A GWM acaba de apresentar ao mercado o Haval H6 2027 com motorização flex. A família do SUV eletrificado mais vendido do país agora pode rodar com gasolina ou etanol em todas as versões, tornando-se a primeira linha de veículos híbridos plug-in flex fabricada no Brasil.

O novo Haval H6 foi desenvolvido para o combustível brasileiro desde sua concepção, com uma calibração inédita liderada por engenheiros brasileiros em conjunto com especialistas da matriz chinesa. Seu preço inicial é de R$ 199.900 na nova versão de entrada HEV ONE, que retorna em definitivo à linha Haval H6.

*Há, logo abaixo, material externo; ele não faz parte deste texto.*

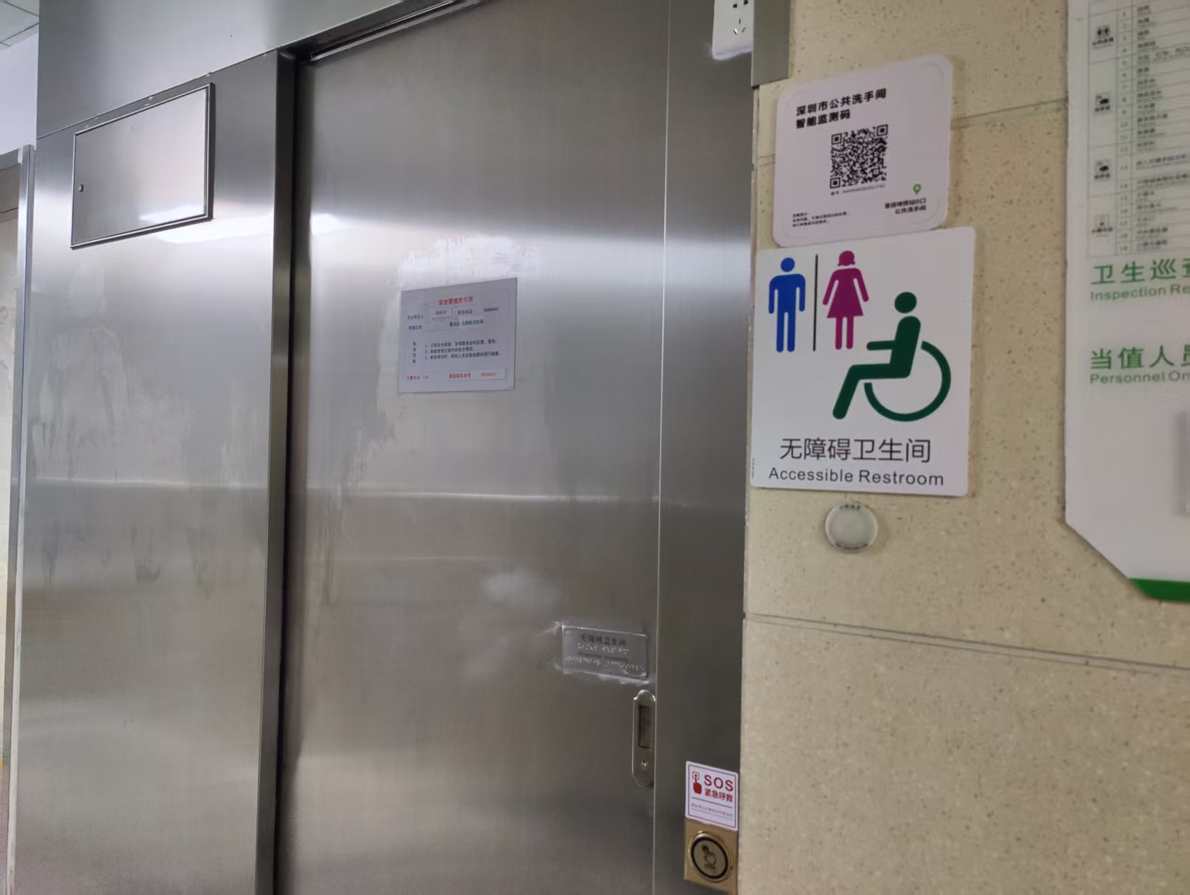 景田地铁站内的无障碍卫生间使用水平滑动式开门。
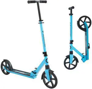 Kick Scooter for Kids Ages 8+, Teens & Adults, 2-Wheel Toddler Scooter with Adjustable Height Handlebar, Wide Anti-Slip Deck, Foldable Lightweight for Boys & Girls up to 220 lbs, Blue + Black
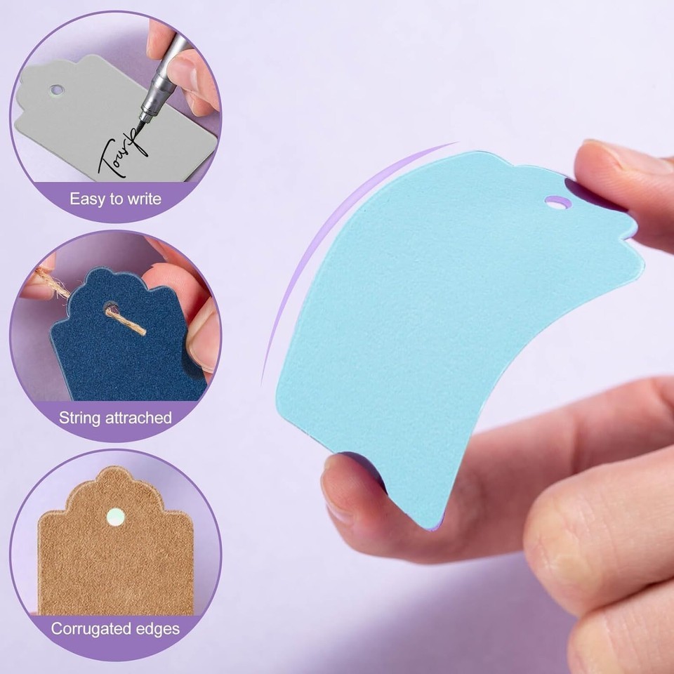 ?HIGH QUALITY GIFT TAGS?: The price tags are made from high quality kraft paper card, no bleed through with pens, pencils, and markers. The jute twine made from natural materials has no chemicals smell that is friendly to environment. It is naturally sturdy and durable that has a long lifetime. The gift tag perfectly match the jute twine, so you don't need to pay extra efforts to search for the best style-matching twine.

Para receber a nova motorização flex, testada por mais de 400 mil quilômetros em condições reais de uso, o conjunto mecânico do Haval H6 passou por uma ampla evolução técnica. O projeto do motor 1.5 Turbo incorporou novas bombas de combustível de baixa e alta pressão compatíveis com etanol hidratado, bicos injetores com geometria específica para as características de atomização do combustível, além de velas de ignição desenvolvidas para as condições de combustão do etanol em Ciclo Miller.

Os componentes internos do motor também foram revisados. Sedes de válvulas, juntas, vedações e demais peças em contato com o combustível receberam materiais compatíveis com o uso prolongado de etanol. Tratamentos especiais de superfície foram aplicados em componentes internos para garantir durabilidade mesmo com utilização de E100.

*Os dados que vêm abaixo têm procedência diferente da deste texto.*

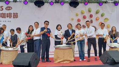 「2025台灣咖啡節」1日於雲林古坑綠色隧道盛大開幕。活動現場集結雲林縣在地咖啡業者及全台喜愛咖啡的民眾共襄盛舉。雲林縣長張麗善、雲林縣副縣長謝淑亞、立委張嘉郡、連江縣副縣長陳冠人、古坑鄉長林慧如、日本長野縣議員暨馬尼拉經濟文化辦事處台中分處長等眾多貴賓齊聚古坑綠色隧道,再現意義十足的炒豆儀式。隨著咖啡豆香氣四溢,整個綠色隧道瀰漫著濃厚的咖啡香,為台灣咖啡節正式揭開序幕,也展現雲林咖啡深厚的文化底蘊與在地魅力。
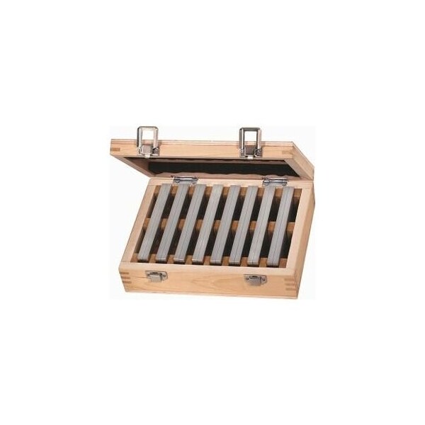 Ground in pairs, hardness 60 HRC. Accuracy: height tolerance ± 0.01 mm, width tolerance ± 0.02 mm. Application: In high precision work for parallel mounting of components in machine vices or jigs. Number of strips: 8 pair Width: 8 mm Height: 17 mm Height: 22 mm Height: 36 mm Height: 32 mm
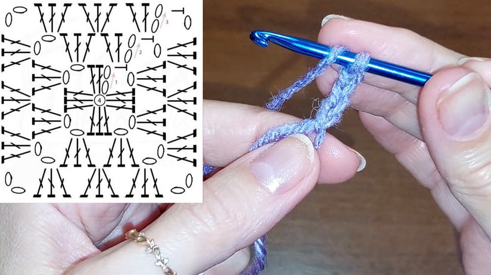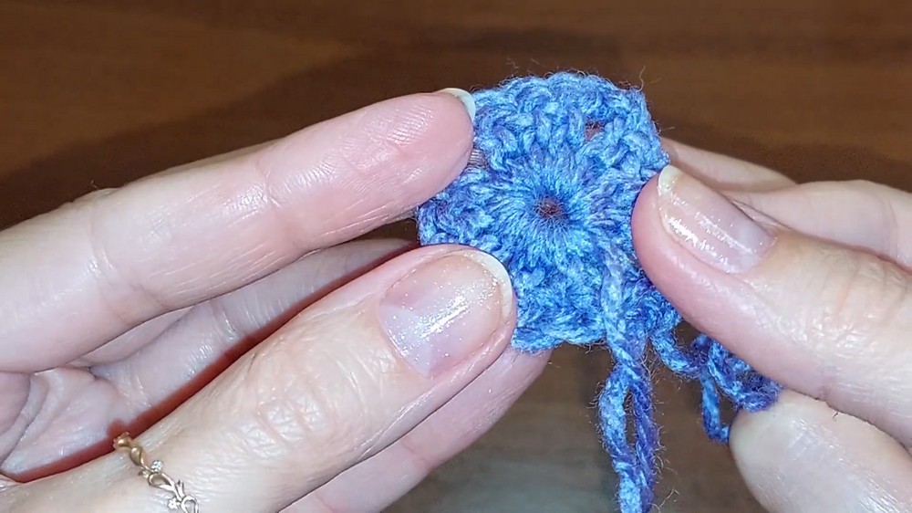 To create an invisible start to each square round and avoid a distracting seam, always replace the traditional Chain 3 with the modified standing DC (pull up a long loop, wrap, and work as a regular DC).
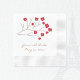 Serviettes en papier pour desserts mariages avec un design original par Mango Moon Studio d'une branche d'arbre aux fleurs de cerisiers en rouge. Ajoutez les noms du couple et la date du mariage.
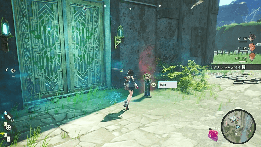 帝国第八研究所に着いたら、入口横にあるスイッチを起動して扉を開こう。入口は研究所の右下側にあり、建物の周囲を回っていればすぐに見つかる。
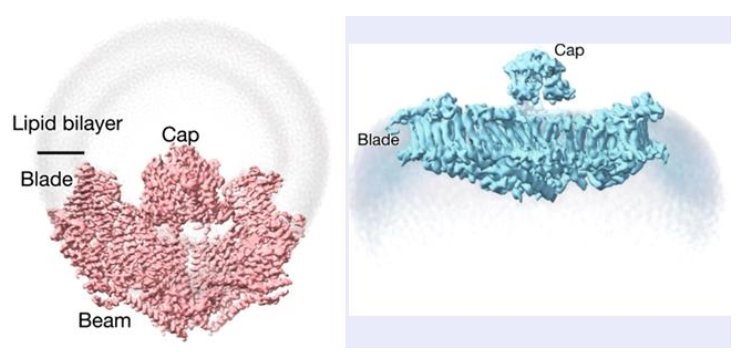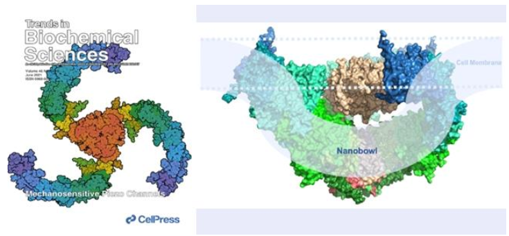图1 PIEZO通道的三聚体三叶螺旋桨状(左图,俯视图)与纳米碗状(右图,平视图)三维结构

Outro diferencial é a adoção de um sensor de etanol integrado ao sistema de gerenciamento eletrônico. Com auxílio de algoritmos desenvolvidos pela GWM, o veículo identifica em tempo real qualquer proporção de mistura entre gasolina e etanol e recalibra automaticamente a estratégia de funcionamento do motor, de forma imperceptível para o motorista. 

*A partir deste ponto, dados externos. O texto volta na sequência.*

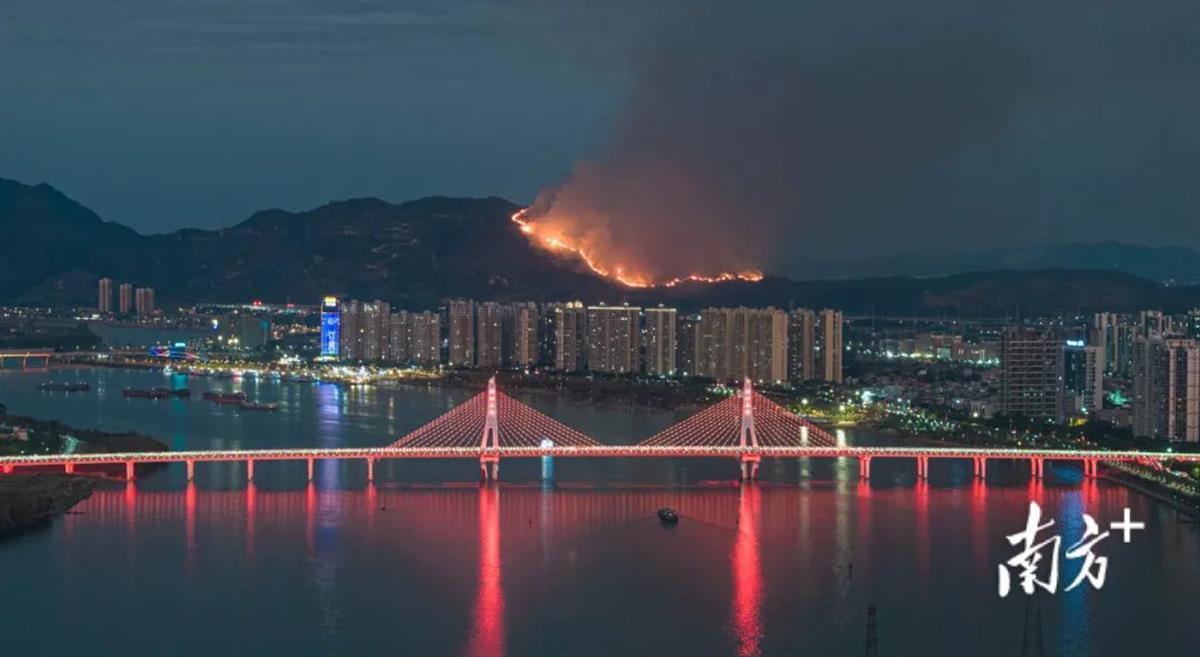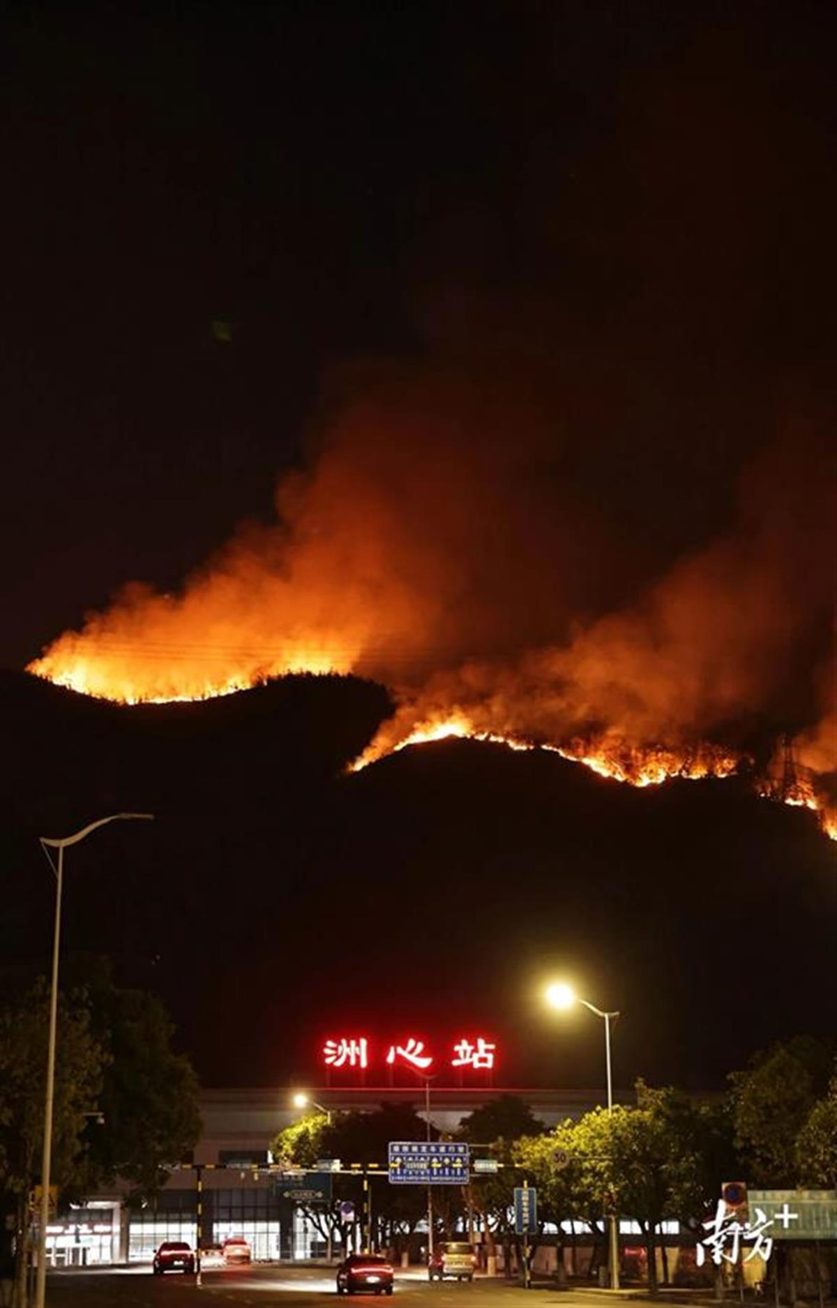 2月9日晚,山火逼近武广高铁清远站和珠三角城际轨道广清城际洲心站,高铁正常运行,未受山火靠近影响。(图源:南方+)

Uma grande novidade do powertrain do Haval H6 Flex é a nova linha de transmissões DHT (Dedicated Hybrid Transmission), cujo diferencial é ter sida projetada para trabalhar totalmente integrada ao motor a combustão.

As versões HEV ONE, HEV2 e PHEV19 contam agora com uma nova DHT de duas marchas, que entrega mais desempenho e eficiência energética do que o modelo anterior. Já as versões PHEV35 e GT receberam uma nova DHT de quatro marchas (duas a mais que na anterior), a mesma que equipa o SUV híbrido de luxo GWM Wey 07.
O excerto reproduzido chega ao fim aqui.